Girl's Guide To Witchcraft

Home > Other > Girl's Guide To Witchcraft > Page 21
Girl's Guide To Witchcraft Page 21

by Mindy L. Klasky


  Gran snorted. "A good square dance at the church did better for my husband and me. We didn't need any computer."

  "Maybe I'll add square dancing to my list," Melissa said. Honest to God, I didn't know if she was kidding.

  "So?" I said. "What's this guy like?"

  "According to the computer, he's a doctor."

  "Ohhhh," we all said, as if we'd just excavated some sacred relic from an ancient civilization.

  Clara asked, "What else did you know about this man before you met him?"

  Melissa ticked points off on her fingers. "Doctor. Prefers city loft to mountain cabin. Prefers Chinese food to burgers and fries. Reads Popular Science, not People. Favorite color, yellow."

  "Melissa..." I said. I thought I could see where this was going.

  She shook her head and held up one more finger. "Oh. And he's five feet six inches tall."

  Melissa was five feet six inches tall. In her stocking feet.

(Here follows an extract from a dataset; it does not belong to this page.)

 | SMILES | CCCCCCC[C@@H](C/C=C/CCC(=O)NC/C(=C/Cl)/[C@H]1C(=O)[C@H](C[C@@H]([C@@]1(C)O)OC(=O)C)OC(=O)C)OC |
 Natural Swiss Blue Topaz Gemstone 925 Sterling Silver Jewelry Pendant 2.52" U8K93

Not that she was a stickler for height in a prospective mate, and not that she spent a lot of time walking around in stiletto heels, but all the same...

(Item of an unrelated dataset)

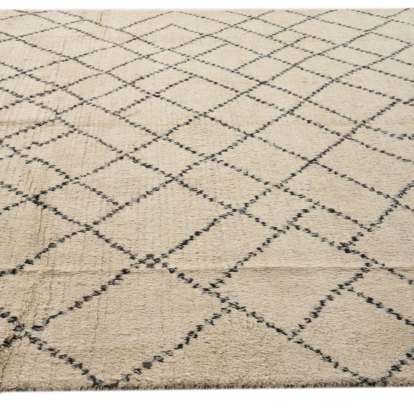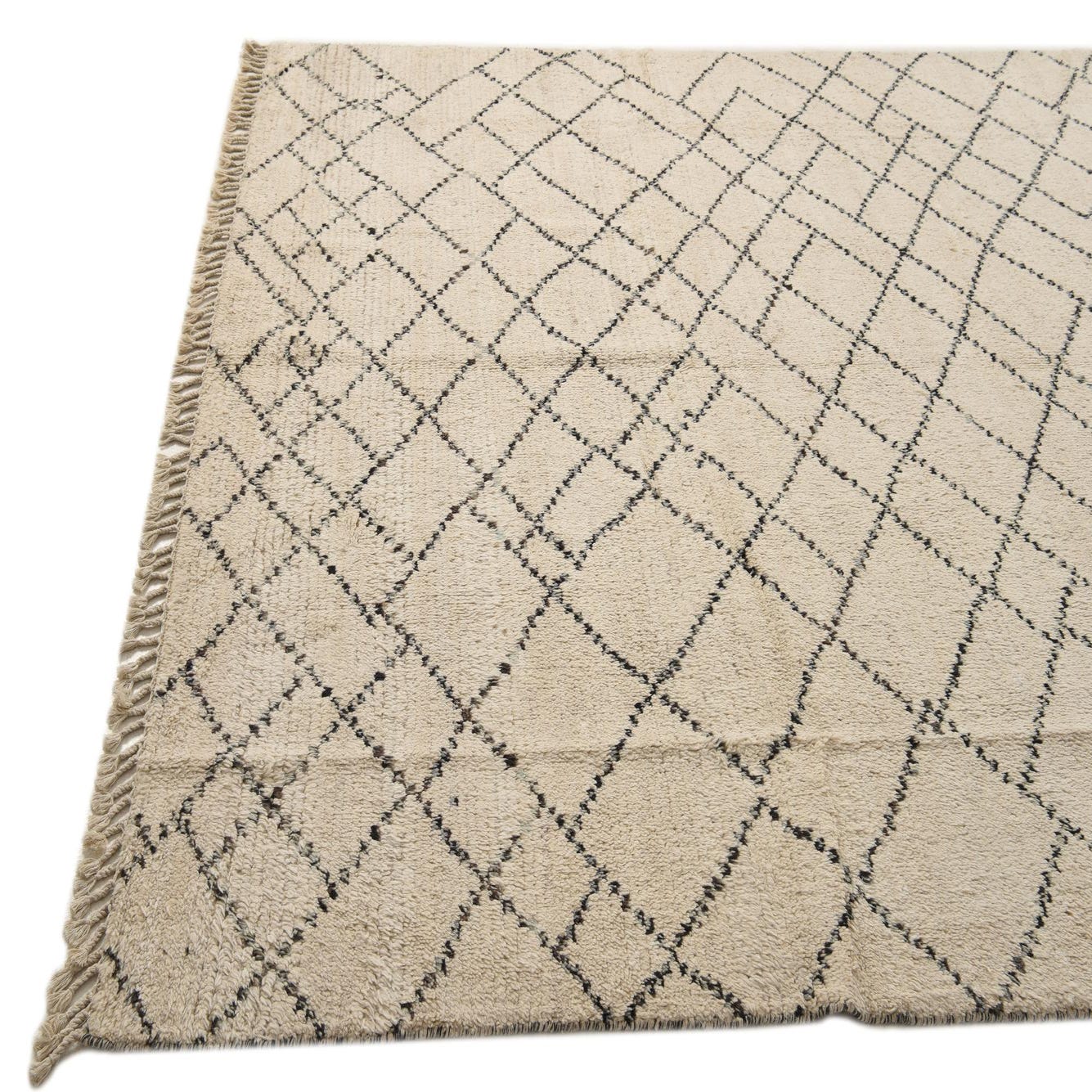 The Moroccan collection presents a hand-knotted 8x10 wool rug that showcases a harmonious interplay of Ivory, Black, and Light Blue hues. The design features an Ivory background with a dynamic black geometric pattern accentuated by subtle touches of light blue. The texture is characteristically plush, inherent to 100% wool compositions, offering both comfort and warmth underfoot.

  Clara asked, "So how does this work? The computer spits out his name and you just call him up and invite him over for dinner?"

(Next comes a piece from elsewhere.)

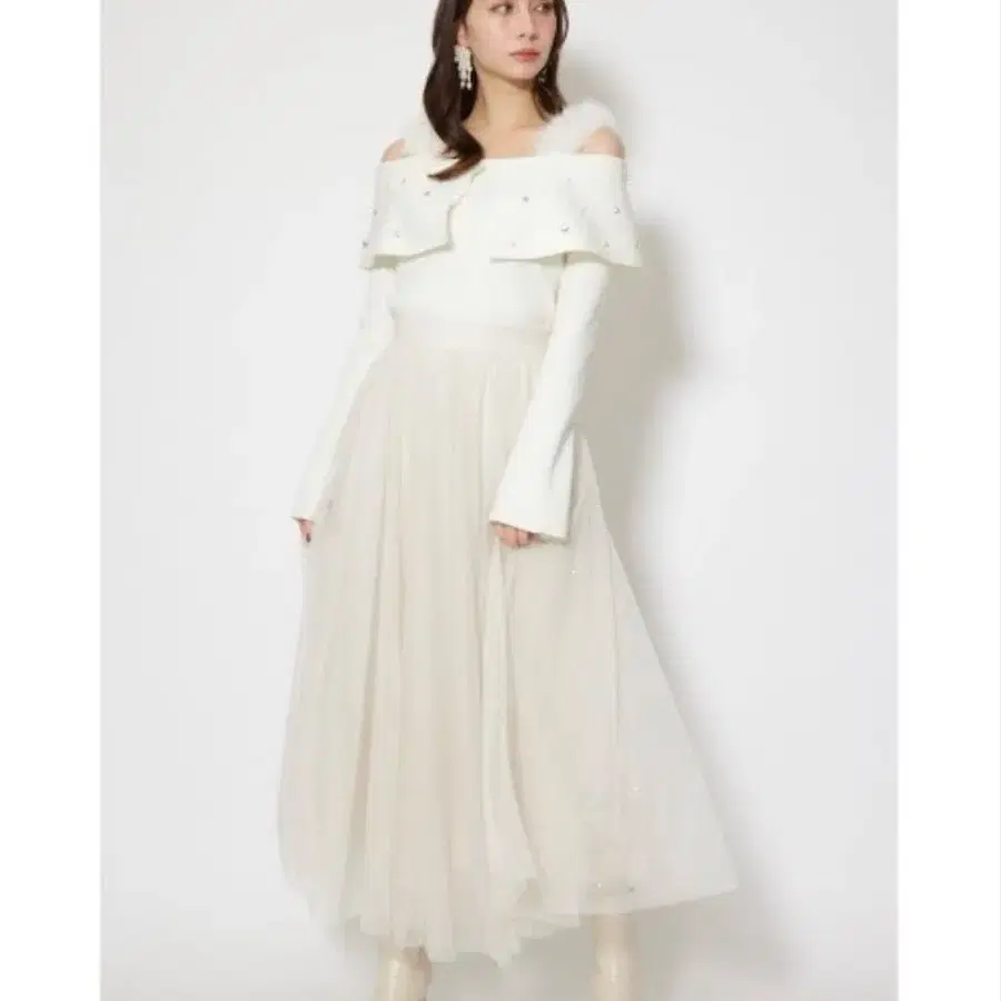 리엔다 데코레이션 튤 플레어 스커트 화이트 S

  Melissa shook her head again. "Not quite. We exchanged e-mail a few times, using anonymous e-mail addresses that the computer set up for us. You know, in case he's an ax murderer. Then we talked on the phone. He sounded like a nice guy—really interested in giving back to the com­munity, energized by finishing up medical school. We agreed to have dinner down in Chinatown. At Eat First."

  Gran looked confused again. "It's a Chinese restaurant," I explained. "With a menu that goes on about a thousand pages."

  Clara said, "And? How was the charming doctor?"

  But Melissa was not one to be rushed. "I got there first. Jane, you'll appreciate this. I actually changed out of my work clothes. I had on a jersey skirt and a cable-knit sweater. I brushed my hair. I even put on lipstick."

  That told me more than Melissa would ever convey to Gran and Clara. She had put on makeup for this guy. She had liked him. A lot. I nodded to let her know that I un­derstood what she was telling me.

  "I got to the restaurant first," she repeated. "They seated me, and I started to look through the menu. I'd had a busy day at the bakery, and I hadn't had a chance to eat lunch. I was starving." In honor of Melissa's suffering, I helped myself to yet another one of the Blessings.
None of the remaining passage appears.